Records for processing>

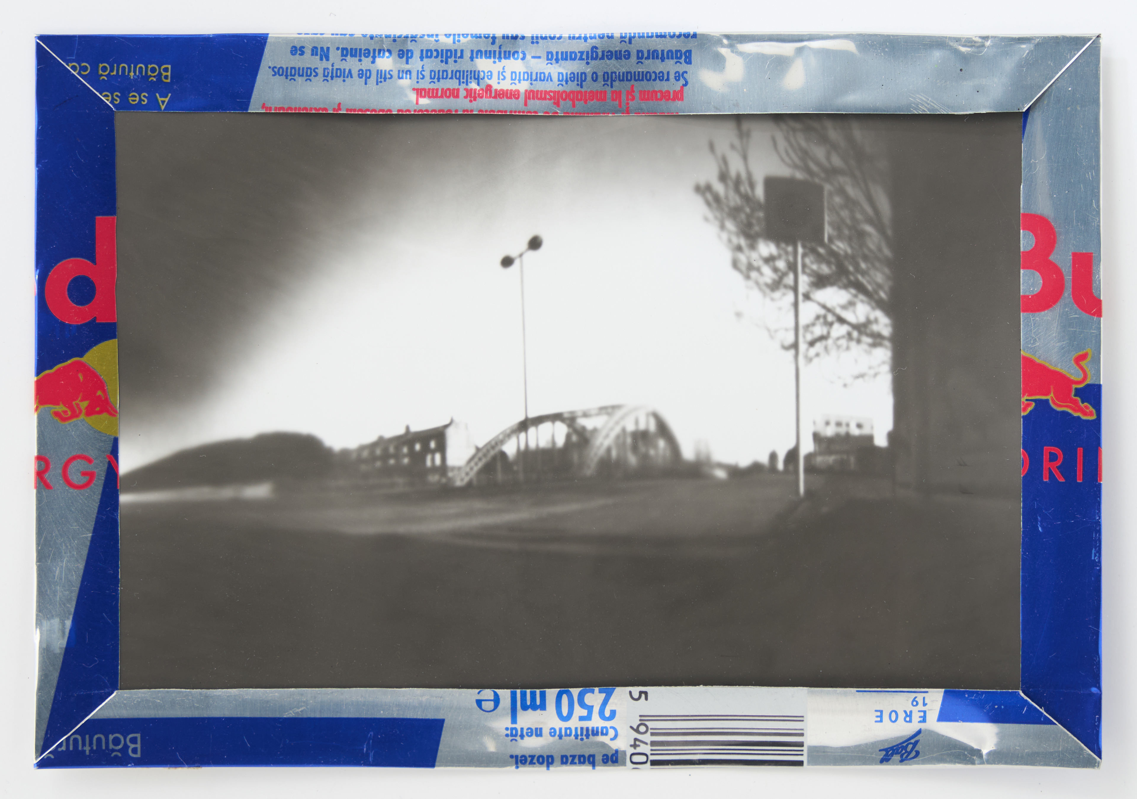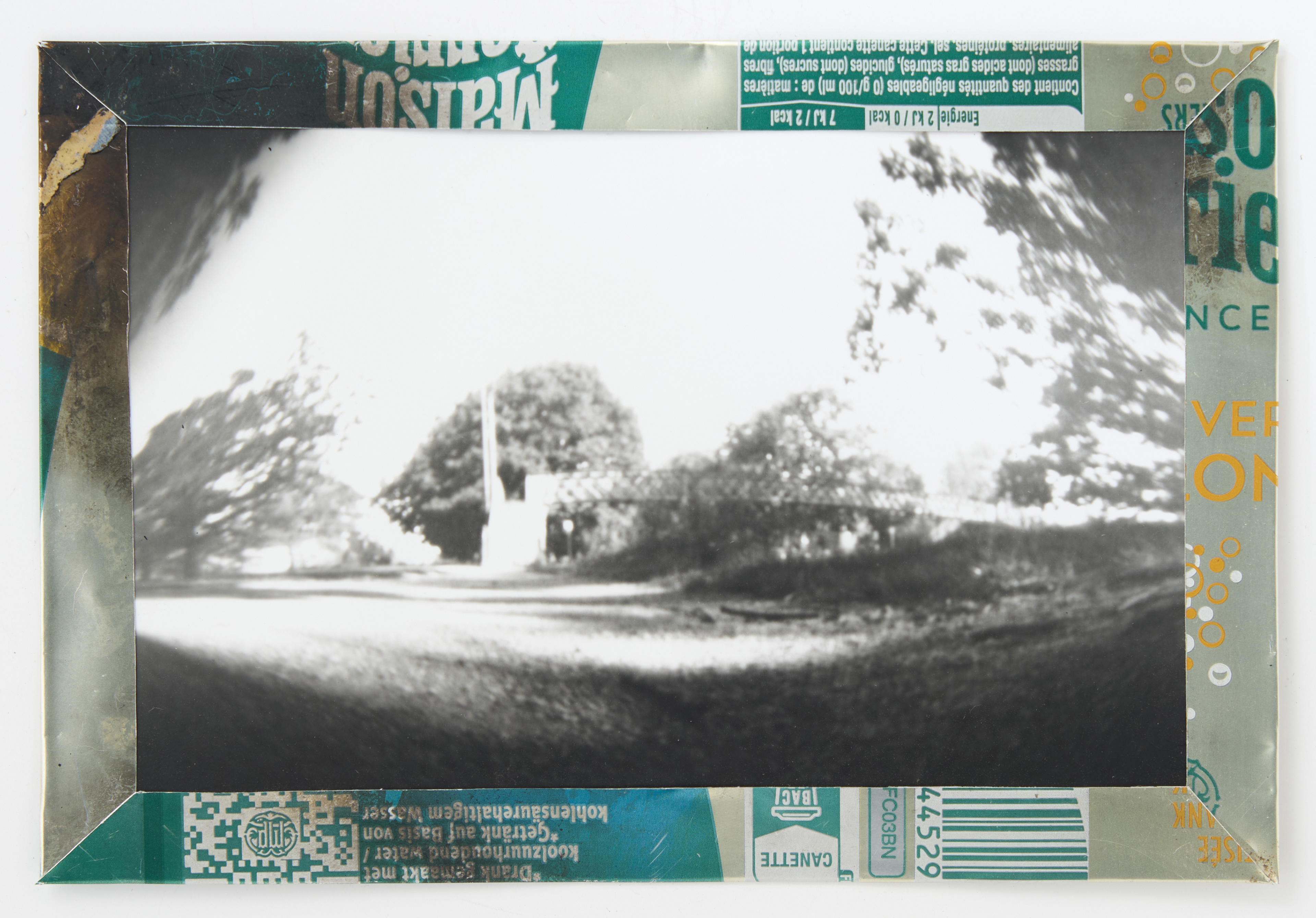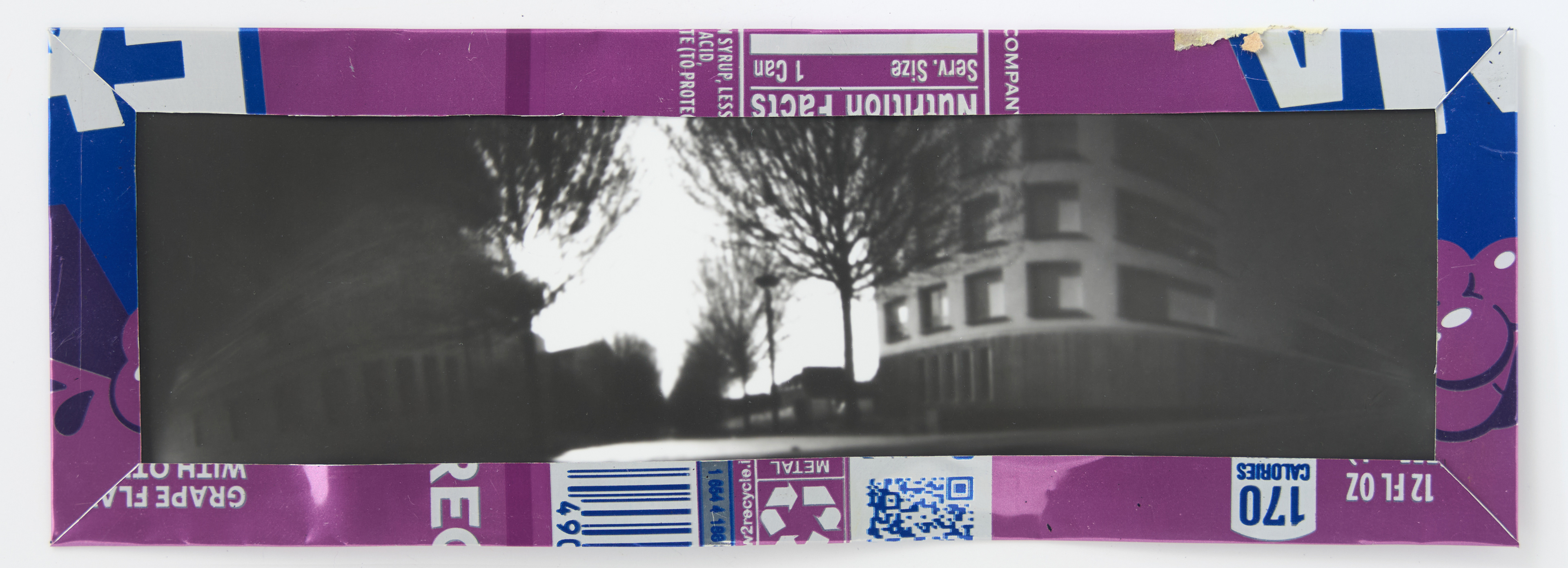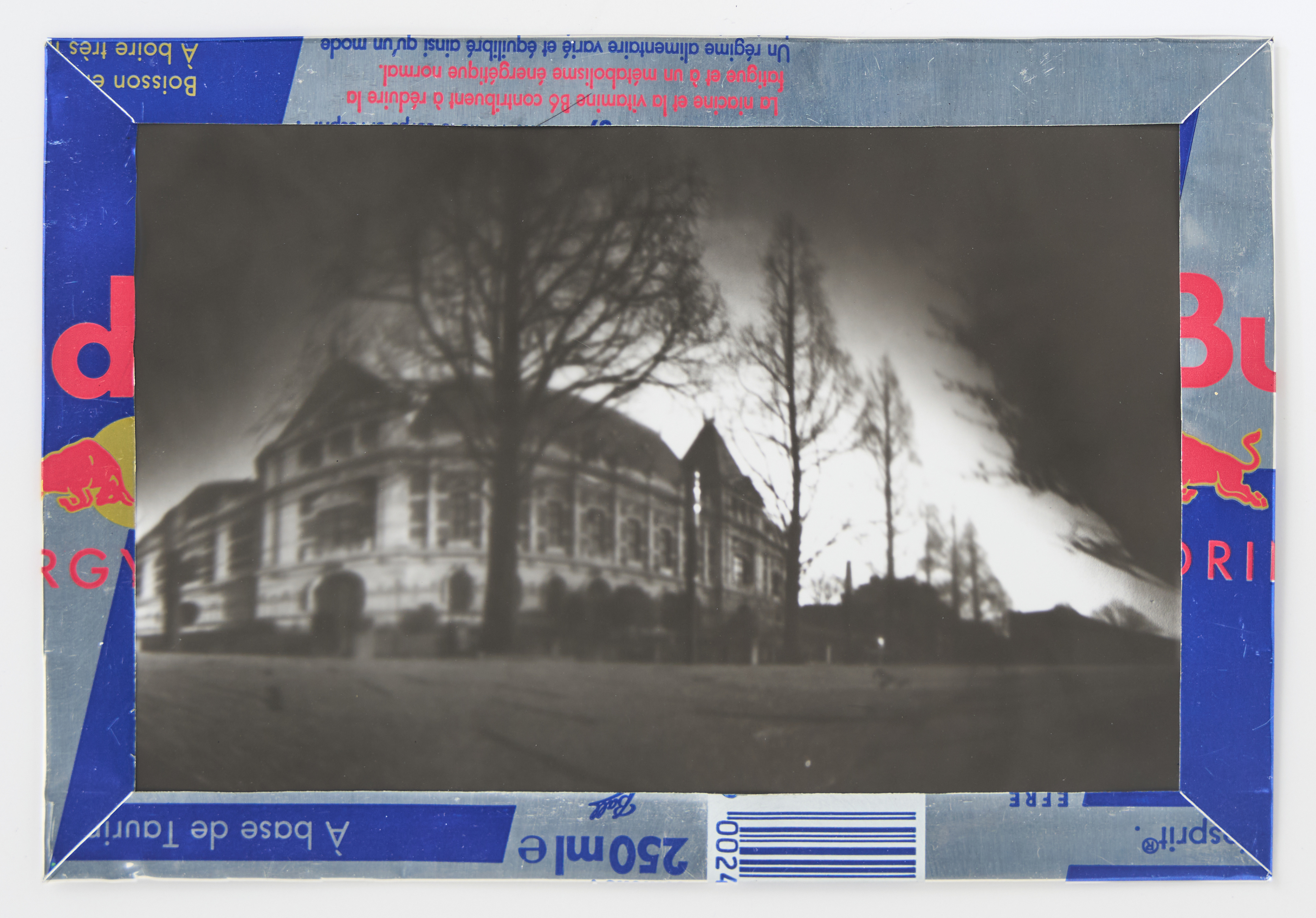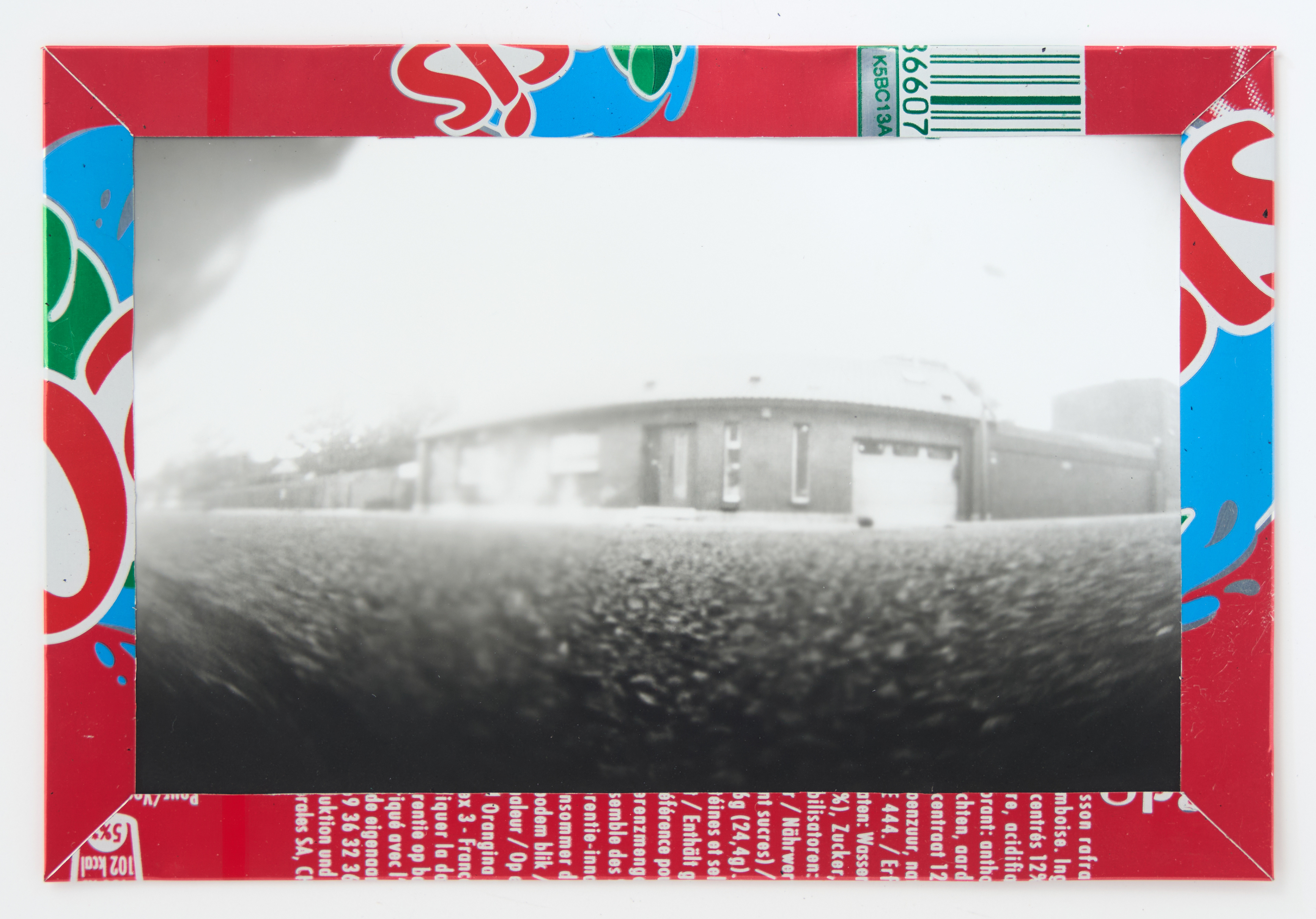 La canette sert ensuite d’encadrement à sa photographie, découpée et pliée ; ainsi ce cadre devient une extension du processus, cherchant à optimiser son recyclage.
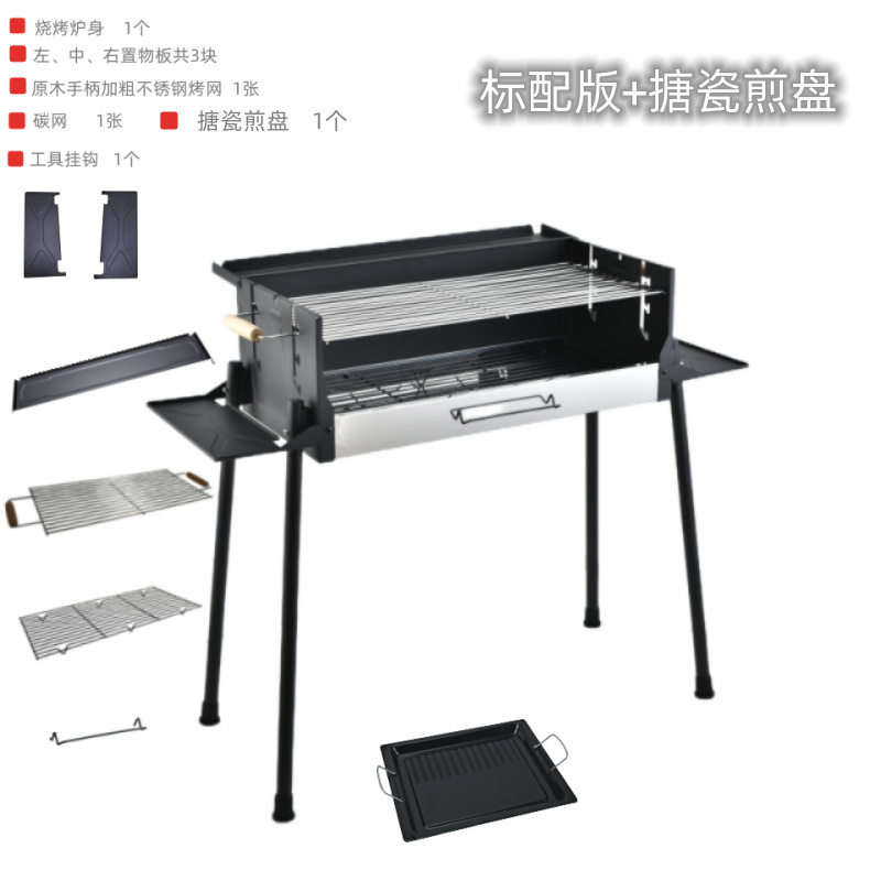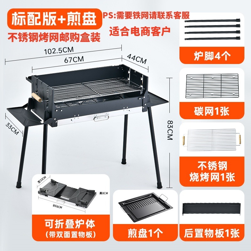 • 접이식 표준 바베큐 그릴 + 에나멜 프라이팬(스테인리스 온라인 통판 상자)
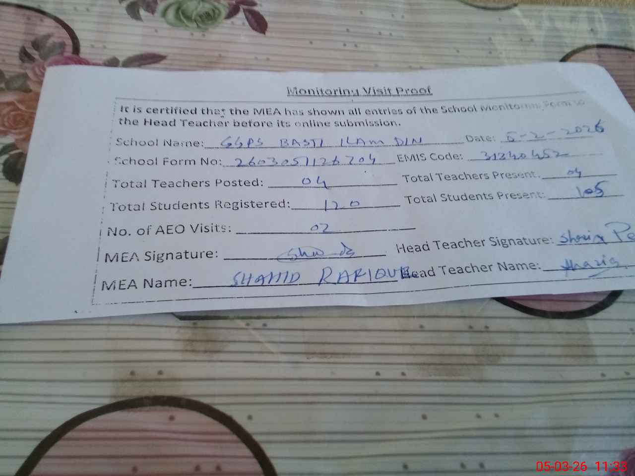 | EMIS Code: 31340452 | Name of School: GGPS BASTI ILAM DIN | |||
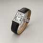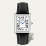 - Features: Roman numeral dial, precision quartz movement, rectangular polished design
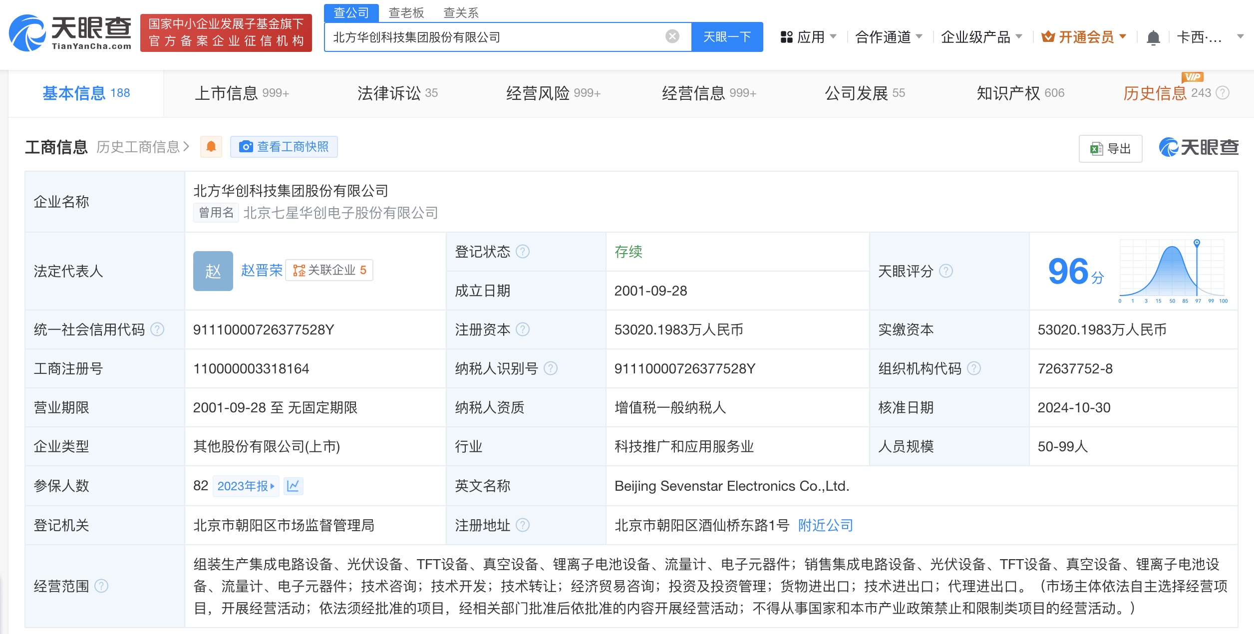 天眼查App显示,近日,北方华创(002371)发生工商变更,注册资本由约4.96亿人民币增至约5.3亿人民币。
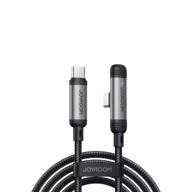 The JOYROOM S-A56 EnjoyX Series is a specialized high-performance data and charging cable designed specifically for mobile gamers and power users. Its standout feature is the 90-degree right-angle connector, which prevents the cable from protruding while you hold your device horizontally, ensuring an ergonomic and uninterrupted gaming or movie-watching experience. This cable is built to handle up to 60W of Power Delivery, making it suitable for everything from the newest iPhones and Android flagships to high-demand tablets and laptops. Constructed with premium zinc alloy heads and a 48-strand high-density nylon braid, it is engineered to be incredibly tough, surviving over 10,000 bends and heavy tension. With integrated safety chips to prevent overheating and support for 480Mbps data speeds, the S-A56 is the ultimate durable companion for your modern Type-C ecosystem.
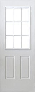 Puerta de Acero diseñada con 9 Luces o 9 Vitrales pequeños que forman una ventana rectangular en la parte media superior de la puerta.

Exercise directions>
Every entry above is to be transcribed exactly, with all pictures left out.

Task output>
 La canette sert ensuite d’encadrement à sa photographie, découpée et pliée ; ainsi ce cadre devient une extension du processus, cherchant à optimiser son recyclage.
 • 접이식 표준 바베큐 그릴 + 에나멜 프라이팬(스테인리스 온라인 통판 상자)
 | EMIS Code: 31340452 | Name of School: GGPS BASTI ILAM DIN | |||
 - Features: Roman numeral dial, precision quartz movement, rectangular polished design
 天眼查App显示,近日,北方华创(002371)发生工商变更,注册资本由约4.96亿人民币增至约5.3亿人民币。
 The JOYROOM S-A56 EnjoyX Series is a specialized high-performance data and charging cable designed specifically for mobile gamers and power users. Its standout feature is the 90-degree right-angle connector, which prevents the cable from protruding while you hold your device horizontally, ensuring an ergonomic and uninterrupted gaming or movie-watching experience. This cable is built to handle up to 60W of Power Delivery, making it suitable for everything from the newest iPhones and Android flagships to high-demand tablets and laptops. Constructed with premium zinc alloy heads and a 48-strand high-density nylon braid, it is engineered to be incredibly tough, surviving over 10,000 bends and heavy tension. With integrated safety chips to prevent overheating and support for 480Mbps data speeds, the S-A56 is the ultimate durable companion for your modern Type-C ecosystem.
 Puerta de Acero diseñada con 9 Luces o 9 Vitrales pequeños que forman una ventana rectangular en la parte media superior de la puerta.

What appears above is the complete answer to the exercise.